Compreendo muito bem que haja meus amigos no PS que se interroguem sobre as razões pelas quais "ataco" tantas vezes José Sócrates e que entendam esse ataque como uma questão de animosidade pessoal. Divirjo profundamente das suas políticas, que penso fazem mal ao país, e coloco-o numa espécie de top ten daqueles políticos do PS, do PSD e do CDS que entendo terem, pela sua acção política e governativa, provocado mais danos ao Bem Público, como foi o tandem Guterres-Pina Moura. Mas não são as discordâncias políticas, nem sequer é o julgamento sobre o Governo, que inclui ministros que respeito, que explicam a minha atitude.
O problema com Sócrates é outro: é um problema de desconfiança política profunda. Acrescentei o adjectivo "política" porque o terreno dessa desconfiança é o da própria acção política, não o da pessoa, embora reconheça que é impossível separar de todo os dois níveis, porque a desconfiança implica também com uma questão de carácter. Mas gostaria que, no que eu digo e no que eu faço, a desconfiança ficasse no político e fosse a partir do político que inquinasse o julgamento do carácter e não ao contrário. Não penso que os políticos tenham que ser julgados pelo carácter, o que é sempre uma atitude propícia a um moralismo que acaba por ser arrogante, mas o carácter também importa e em determinadas circunstâncias importa mais. É o caso de José Sócrates.
Essa desconfiança não me surgiu com o aparecimento da personagem na cena pública, cuja acção como secretário de Estado na co-incineração apoiei, nem na sua vitória de 2005. Pelo contrário. Foi encontrando terreno propício quando me foram sendo cada vez mais nítidos o papel da encenação e da pose na sua acção e a crescente disparidade entre os resultados e a propaganda. Mas também não foi por isso. Sócrates era um político típico da sua geração e da sua formação e nisso não era muito diferente de muitos políticos oriundos do interior dos partidos, das "jotas" em particular", feitos pela promiscuidade entre as "fontes" e os jornais, com "biografias do nada", especializados nas técnicas interiores das carreiras partidárias, construindo "imagens" e obcecados pelo "protagonismo". Portugal e a Europa estão cheios deste tipo de políticos, que se entendem bem entre si e movem-se com habilidade pelo actual panorama mediático, as televisões em particular. Nesse estilo, Sócrates era aliás do melhor, porque não se chega onde ele chegou sem qualidades, muito trabalho, determinação e - e isto é uma questão-chave - sem um grupo. No aparelho sobe-se sempre em grupo, e o de Sócrates anda à sua volta em tudo o que é complicação passada e presente. Mas, mesmo assim, nada disto chegava para me mover contra Sócrates com a intransigência que, reconheço, tenho.
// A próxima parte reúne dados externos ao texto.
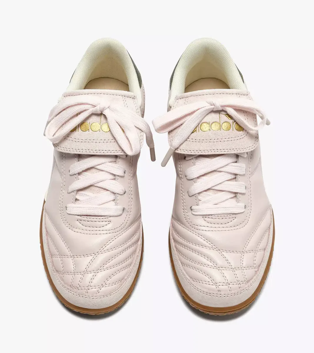 La Gold Indoor Metal est fabriquée en cuir souple et en cuir de porc. Pour être à la hauteur de son nom, nous avons ajouté une languette arrière en cuir laminé contrasté sur la tige aux tons pastel.

O clic, chamemos-lhe assim, foi, de facto, a primeira "história", a do curso e a do diploma. Nada daquilo seria muito relevante, se fosse apenas uma certa ligeireza associada à pose, e um curso mais ou menos artificial, que não foi apenas o dele, mas o de muitos da sua geração que apareceram "formados" em escolas privadas pouco exigentes e facilitadoras. Confrontado com o facto de usar um título académico que não possuía, Sócrates podia ter acabado com a questão num instante, dizendo que partilhava a reivindicação dos seus colegas de considerar que o seu curso era de "engenheiro", ou admitindo que não fora muito rigoroso. Toda a gente passaria em frente e não haveria danos.
Mas ele insistiu que estava tudo bem, e não só que estava bem como tudo era exemplar. E esta atitude, acompanhada por algo que acompanha sempre Sócrates, que é uma enorme e agressiva pressão sobre todos os que não lhe são subservientes - e como são poucos nota-se mais -, levou-me a olhar com outros olhos para o que aparecia e para documentos particularmente bizarros como o currículo emendado existente na Assembleia. Fiquei convicto de que ele era capaz de fazer muita coisa que não devia, por seu próprio interesse, e como se trata de um homem poderoso, isso preocupa-me.
A partir daí não há pedra em que não se dê um pontapé, casinhas, processos na área do ambiente quando ele foi secretário de Estado ou ministro, Freeport, negócios ligados ao controlo da comunicação social, Face Oculta, em que Sócrates não apareça. Pode-se dizer que isso é perseguição, como há quem no PS diga. Mas não é, o problema é que Sócrates aparece sempre lá, perto ou longe, com mais ou menos responsabilidades, e aparece porque está lá. Ele, a família, os seus amigos do PS, as pessoas que escolheu, as áreas onde governou e governa. E, quando ele aparece, nada nunca se esclarece cabalmente. Nem na justiça (e isso é uma arma de dois bicos, porque também o prejudica), nem na parte da política que exige transparência. Por isso, a minha desconfiança original não tem conhecido a não ser um crescendo, porque encontra um padrão e não "casos". E penso, posso estar enganado, mas penso, que essa desconfiança é puramente racional.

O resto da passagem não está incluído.